Os últimos anos parececem revelar que, para atender ao projeto politico dos detentores do poder econômico, os limites constitucionais e legais, que impediam práticas inquisitoriais e perseguições políticas, desapareceram. Juízes, condicionados tanto pela racionalidade neoliberal quanto pelo populismo penal, tornam explícito que se afastam da lei para agradar maiorias de ocasião que, desinformadas, muitas vezes se identificam com a opinião publicada por determinados grupos econômicos que fabricam “notícias”. Processos correm mais do que o normal para prender lideranças e atender à agenda política das elites, enquanto demoram mais do que o razoável para restabelecer a legalidade e a liberdade de um homem. Doações de campanha que eram legítimas, e regularmente declaradas, se tornam “prova” apenas contra aqueles que são percebidos como inimigos políticos.
Buscam-se “delações” de pessoas presas, ou ameaçadas de prisão, para confirmar as certezas delirantes dos inquisidores. Delações por vezes conflitantes e sem qualquer suporte em provas confiáveis, que atendem a uma única certeza: se o condenado ou acusado “colaborar” falando o que o inquisidor quer ouvir, ainda que essa declaração não guarde qualquer relação com fatos, mesmo o mais culpado dos criminosos passa a ter vantagens e benefícios, por vezes, contrários à lei. Na lógica inquisitorial pós-moderna, é mais importante confirmar a hipótese que atinge a um determinado fim político do que descobrir a verdade.
A desproporção faz deconfiar. Um número imenso de figuras do campo da esquerda ou que se manifestam em nome de uma sociedade na contramão do neoliberalismo vivem hoje acusações fantasmagóricas, e um número mínimo de políticos comprometidos com a acumulação ilimitada do Capital são processados e menos ainda punidos. Parece que as regras do jogo democrático não valem para os políticos que não agradam às elites. Desde que a Constituição foi rasgada pelo golpe, e a presunção de inocência deixou de ser um princípio com força normativa, não é possível deixar de pensar no controle de ideologias que surgem como indesejadas pelas elites financeiras que estão no poder. Elas têm usado a metodologia da conspurcação de pessoas e, se for necessário, a restrição da liberdade dos inimigos políticos.

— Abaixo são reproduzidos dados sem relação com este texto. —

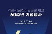 식품의약품안전처는 11월 5일 청주 오스코(OSCO)(청주시 흥덕구 오송읍 소재)에서 ‘식품‧식품첨가물 공전 제정 60주년 기념행사’를 개최한다고 밝혔다. 이번 행사는 1966년 제정되어 우리나라 식품·식품첨가물의 안전관리 기준이 수록된 '식품공전'과 '식품첨가물공전'의 지난 60년간 발전 과정을 돌아보고 미래 식품산업 변화에 대한 발전 방향을 모색하기 위한 자리이다. 기념식에는 정부·산업계·학계·소비자단체 등 식품 분야 관계자 200여 명이 참석해 함께 식품·식품첨가물 기준・규격의 의미와 성과를 되새기고, 기준・규격 개선과 현장의 안전관리에 기여한 유공자(12명)에게 표창을 수여하며 격려한다. 이어 기념강연 시간에는 단국대학교 김상오 교수가 ‘AI를 이용한 식품산업의 미래’라는 주제로 식품산업 전반에 걸쳐 인공기능 기술이 가져올 혁신을 전망한다. 또한 ‘걸림돌을 디딤돌로’라는 제목으로 소비자·업계·학계·식약처가 함께 식품 안전기준의 미래 발전방향을 논의하는 토크콘서트를 진행한다. 이와 함께 식품 안전기준의 60년간 발자취를 담은 동영상, 주요 대표 식품 전시 등 다양한 전시 프로그램도 운영한다. 오유경 처장은 “그간 CODEX 가입, 아프라스 의장국 선임

Não se pode ignorar que também na aplicação do direito há política. Um atuação política travestida de “imparcialidade”. Aliás, com o chamado “ativismo judicial”, muitas vezes, se quer esconder com roupas “jurídicas” o que não passa de pura política, ou melhor, se quer substituir as opções políticas do povo por atos de vontade política de uma corporação.
Enquanto isso, a economia é idealizada como uma ciência que atende apenas a fórmulas matemáticas. Um saber “neutro” que independe de opções políticas. Mais uma mistificação. Esconde-se a política, mais uma vez, onde ela é essencial. Não há economia desassociada de opções políticas. A grosso modo, é a política que vai definir o crescimento econômico ou a recessão, se o dinheiro estatal vai ser investido em proveito do povo ou se a politica econômica vai atender ao desejo de enriquecimento ilimitado daqueles que já são muito ricos. Subjaz a esse processo um maniqueísmo, como se a política fosse o mal e a economia fosse um bem, uma solução final.
Impoe-se resgatar a política, defender os políticos comprometidos com a defesa da democracia e devolver o Estado para o povo.